CDER approve8 48 novel candidates in 2019, down from the 59 approvals in 2018, but comparable to the 45 approvals in 2015 and 46 approvals in 2017.
The entire list of novel products approved in 2019 is available here.
The page also has a link to a detailed 40+ page report from CDER.
This list excludes the 21 BLA approvals managed by CBER. Those approvals are available here.
We encourage you to take a look at the report, as it has some interesting discussion on the various products approved.
Here are a few which stand out for us:
Migraine – We had not one, but two approvals in 2019 for acute migraine. In October, the FDA approved lasmiditan (Reyvow, Lilly). This compound came to Lilly via their acquisition of CoLucid in 2017. In December, ubrogepant (Ubrelvy, Allergan) was approved, even with the liver tox issues associated with CGRP Inhibitors, which is becoming an increasingly competitive market. .
Anti-Infectives – Multiple anti-infectives were approved in 2019, including cefiderocol (Fetroja, Shionogi), for Gram-Negative bacterial infections. Its first indication is complicated urinary tract infections in patients with limited or no alternative options. Lefamulin (Xenleta, Nabriva) was approved in August for Community Acquired Pneumonia. Pretomanid was approved in August for drug-resistant tuberculosis, and is the second drug approved under the Limited Population Pathway for Anti-bacterial/Anti-fungal Drugs, or LPAD pathway.

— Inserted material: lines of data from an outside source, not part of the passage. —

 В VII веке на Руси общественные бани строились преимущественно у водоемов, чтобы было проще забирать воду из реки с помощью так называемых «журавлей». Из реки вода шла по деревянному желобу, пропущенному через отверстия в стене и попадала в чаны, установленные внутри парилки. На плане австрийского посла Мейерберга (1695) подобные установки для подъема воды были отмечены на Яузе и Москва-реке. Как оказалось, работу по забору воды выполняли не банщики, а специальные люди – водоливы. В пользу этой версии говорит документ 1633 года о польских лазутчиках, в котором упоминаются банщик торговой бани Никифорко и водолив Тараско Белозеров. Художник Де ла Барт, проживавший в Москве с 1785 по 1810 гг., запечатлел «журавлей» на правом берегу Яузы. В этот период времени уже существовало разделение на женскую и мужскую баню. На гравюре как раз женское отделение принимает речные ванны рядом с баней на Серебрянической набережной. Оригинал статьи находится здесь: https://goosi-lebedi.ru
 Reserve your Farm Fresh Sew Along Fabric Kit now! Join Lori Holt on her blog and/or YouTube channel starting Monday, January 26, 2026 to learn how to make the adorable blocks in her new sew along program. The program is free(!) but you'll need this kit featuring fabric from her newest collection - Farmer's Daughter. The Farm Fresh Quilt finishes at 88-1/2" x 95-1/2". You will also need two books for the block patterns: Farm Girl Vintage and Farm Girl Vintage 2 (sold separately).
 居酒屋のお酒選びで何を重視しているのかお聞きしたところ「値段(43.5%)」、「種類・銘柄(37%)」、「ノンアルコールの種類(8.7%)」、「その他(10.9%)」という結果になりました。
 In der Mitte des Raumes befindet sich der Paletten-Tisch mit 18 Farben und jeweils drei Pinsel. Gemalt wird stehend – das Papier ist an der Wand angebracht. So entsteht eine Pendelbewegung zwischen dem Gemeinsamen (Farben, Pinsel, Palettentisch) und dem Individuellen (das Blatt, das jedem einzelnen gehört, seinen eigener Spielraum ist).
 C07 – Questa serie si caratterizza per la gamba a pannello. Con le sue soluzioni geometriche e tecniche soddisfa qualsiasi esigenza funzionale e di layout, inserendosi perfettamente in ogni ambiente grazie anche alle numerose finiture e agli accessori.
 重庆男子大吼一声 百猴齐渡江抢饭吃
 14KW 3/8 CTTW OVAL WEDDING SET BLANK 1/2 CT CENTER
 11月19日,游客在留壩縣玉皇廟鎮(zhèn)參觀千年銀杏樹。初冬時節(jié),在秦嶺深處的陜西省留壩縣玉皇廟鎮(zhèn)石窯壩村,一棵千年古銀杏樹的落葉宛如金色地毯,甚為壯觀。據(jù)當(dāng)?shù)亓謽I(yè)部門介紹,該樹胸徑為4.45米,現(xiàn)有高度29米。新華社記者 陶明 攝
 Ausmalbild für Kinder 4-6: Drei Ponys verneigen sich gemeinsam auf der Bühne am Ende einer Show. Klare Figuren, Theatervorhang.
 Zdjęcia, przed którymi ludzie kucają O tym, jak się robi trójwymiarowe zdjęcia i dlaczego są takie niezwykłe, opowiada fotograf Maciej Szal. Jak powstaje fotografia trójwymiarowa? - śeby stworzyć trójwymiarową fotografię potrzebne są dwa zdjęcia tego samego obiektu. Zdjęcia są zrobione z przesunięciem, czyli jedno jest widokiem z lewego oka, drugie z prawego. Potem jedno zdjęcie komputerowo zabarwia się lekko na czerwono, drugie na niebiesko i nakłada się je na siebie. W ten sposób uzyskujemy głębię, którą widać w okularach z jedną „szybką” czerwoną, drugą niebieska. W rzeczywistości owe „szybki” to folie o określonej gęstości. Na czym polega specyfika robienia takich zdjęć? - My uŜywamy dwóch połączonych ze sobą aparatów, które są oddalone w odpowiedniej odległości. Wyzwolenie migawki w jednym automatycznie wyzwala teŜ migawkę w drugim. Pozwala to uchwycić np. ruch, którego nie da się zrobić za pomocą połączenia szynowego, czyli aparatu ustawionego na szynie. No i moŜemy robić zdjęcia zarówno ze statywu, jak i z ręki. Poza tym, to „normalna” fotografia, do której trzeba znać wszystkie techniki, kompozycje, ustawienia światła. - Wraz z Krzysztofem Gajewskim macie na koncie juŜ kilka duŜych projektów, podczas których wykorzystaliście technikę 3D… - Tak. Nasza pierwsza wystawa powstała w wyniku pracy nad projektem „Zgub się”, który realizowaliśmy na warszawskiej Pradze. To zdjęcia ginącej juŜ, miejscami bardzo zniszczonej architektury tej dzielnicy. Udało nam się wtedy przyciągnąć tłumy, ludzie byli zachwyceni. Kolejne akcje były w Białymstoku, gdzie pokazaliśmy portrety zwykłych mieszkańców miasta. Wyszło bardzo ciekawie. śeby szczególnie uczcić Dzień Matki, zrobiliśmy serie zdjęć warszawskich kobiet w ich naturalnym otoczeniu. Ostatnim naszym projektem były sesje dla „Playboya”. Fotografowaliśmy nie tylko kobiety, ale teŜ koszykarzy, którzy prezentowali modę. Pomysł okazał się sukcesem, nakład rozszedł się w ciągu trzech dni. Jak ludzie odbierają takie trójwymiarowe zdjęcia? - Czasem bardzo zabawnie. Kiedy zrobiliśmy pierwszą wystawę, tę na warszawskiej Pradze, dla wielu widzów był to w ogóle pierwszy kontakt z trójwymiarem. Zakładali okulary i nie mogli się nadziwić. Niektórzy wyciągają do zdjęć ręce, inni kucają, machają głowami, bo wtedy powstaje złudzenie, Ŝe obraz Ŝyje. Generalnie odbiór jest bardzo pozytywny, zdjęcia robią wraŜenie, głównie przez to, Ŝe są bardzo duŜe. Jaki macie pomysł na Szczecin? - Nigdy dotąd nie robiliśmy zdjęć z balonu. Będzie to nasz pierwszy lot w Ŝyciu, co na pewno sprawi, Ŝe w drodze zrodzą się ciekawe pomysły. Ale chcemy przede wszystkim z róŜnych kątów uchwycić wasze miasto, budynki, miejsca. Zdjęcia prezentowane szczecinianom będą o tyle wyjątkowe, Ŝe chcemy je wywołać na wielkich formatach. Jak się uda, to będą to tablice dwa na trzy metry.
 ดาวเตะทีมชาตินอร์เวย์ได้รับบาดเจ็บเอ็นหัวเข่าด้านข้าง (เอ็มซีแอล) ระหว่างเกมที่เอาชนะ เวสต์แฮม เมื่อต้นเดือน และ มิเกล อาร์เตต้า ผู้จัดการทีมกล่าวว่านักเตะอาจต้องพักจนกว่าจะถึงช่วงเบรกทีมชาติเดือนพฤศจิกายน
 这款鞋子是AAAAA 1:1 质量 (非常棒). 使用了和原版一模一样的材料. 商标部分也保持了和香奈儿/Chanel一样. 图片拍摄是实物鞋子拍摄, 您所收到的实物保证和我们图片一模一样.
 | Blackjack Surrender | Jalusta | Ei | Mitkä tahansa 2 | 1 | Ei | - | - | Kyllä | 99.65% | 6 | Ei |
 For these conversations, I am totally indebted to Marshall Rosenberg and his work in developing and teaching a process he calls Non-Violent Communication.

Others of Note – We have new drugs to treat insomnia, excessive daytime sleepiness (which is not a controlled substance), and ten new drugs to treat various cancers.
What can we expect in 2020?
Predicting what a regulatory agency might or might not do is a difficult game to play…and we won’t even try to predict what will or will not receive FDA approval in 2020. But what we can say is, according to Biomedtracker, there are ~160 drug candidates with PDUFA dates in 2020 (email us if you want the list). Of these, roughly 60 of them will be experiencing a First Review by the FDA. So we could be looking at another excellent year for approvals in 2020. Then again, the probability of success at the Regulatory stage is not 100%, is it?!